Ce qui intrigue le plus encore ces organisations et experts spécialistes des questions de drogues que nous avons rencontrés, c’est que la variété de cannabis cultivée au Mali par les paysans, le chanvre sativa et la même que celle que se propose de cultiver la société autorisée. Cependant, ajoute-t-il, «ce chanvre sativa n’est pas prisé par les consommateurs locaux à cause de sa faible teneur en Thc (tétrahydrocannabinol), élément psychotrope, qui en fait réellement un stupéfiant. Les consommateurs maliens et même ceux du Sénégal et du Burkina Faso, préfèrent le chanvre importé et c’est pourquoi celui en provenance du Ghana a le vent en poupe à leur niveau. Et pourtant, la production du chanvre sativa est en train de faire flores en zone rurale malienne, surtout dans la région de Sikasso».

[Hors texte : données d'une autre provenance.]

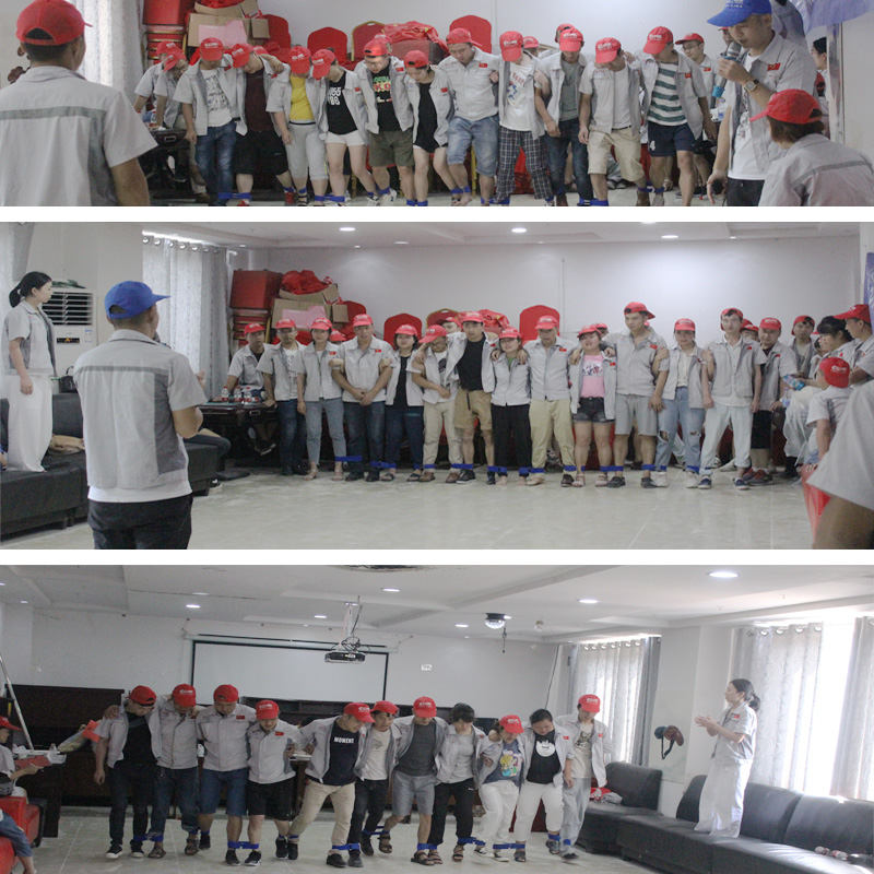 隨后在大家的強烈要求下,全體人員集體來一次“坐地而起”的游戲,挑戰(zhàn)自我、挑戰(zhàn)極限。大家肩靠肩、手挽手,同心協(xié)力一起發(fā)力,當(dāng)然這次并沒有像小組賽那樣順利,一會兒這邊人起來,一會兒另一邊的人沒有起來,這樣反復(fù)經(jīng)過一次又一次的嘗試,大家相互鼓勵、堅持及努力,不斷的修正及解決存在的問題下,最終在第五次的嘗試下,集體以7秒的時間成功取得勝利,全員統(tǒng)一都站了起來。在那一刻全員的心都是沸騰的,不停的在為團隊鼓掌為自己鼓掌,同時也讓大家明白了一個道理,無論遇到任何事,都要不斷地去改變、修正、堅持、堅持再堅持,因為成功往往就是再堅持一下。

Développement d’une filière locale de culture de chanvre

Notons au passage que le chanvre est une culture facile, ne nécessitant pas d’arrosage spécifiquement. Le cycle du chanvre est conditionné essentiellement par la durée du jour ou photopériode, c’est à dire que, quelle que soit la date de semis, la floraison puis la récolte se dérouleront à dates fixes, comme indiquées par le semencier. Seuls les rendements varieront. C’est ainsi des villages entiers, sous la coupe du chef de village, s’adonnent désormais à la culture de ce chanvre qui aurait bien un débouché pour prospérer. Y aurait-il alors, en dehors de la société autorisée, une filière clandestine d’exportation bien structurée ?

Le président IBK, à présent informé, est alors interpelé car les envoyés de certains milieux activistes cherchaient les exemplaires du numéro 188 du vendredi 15 octobre qui révélait l’existence de cette autorisation et des suites sont attendues de leur part.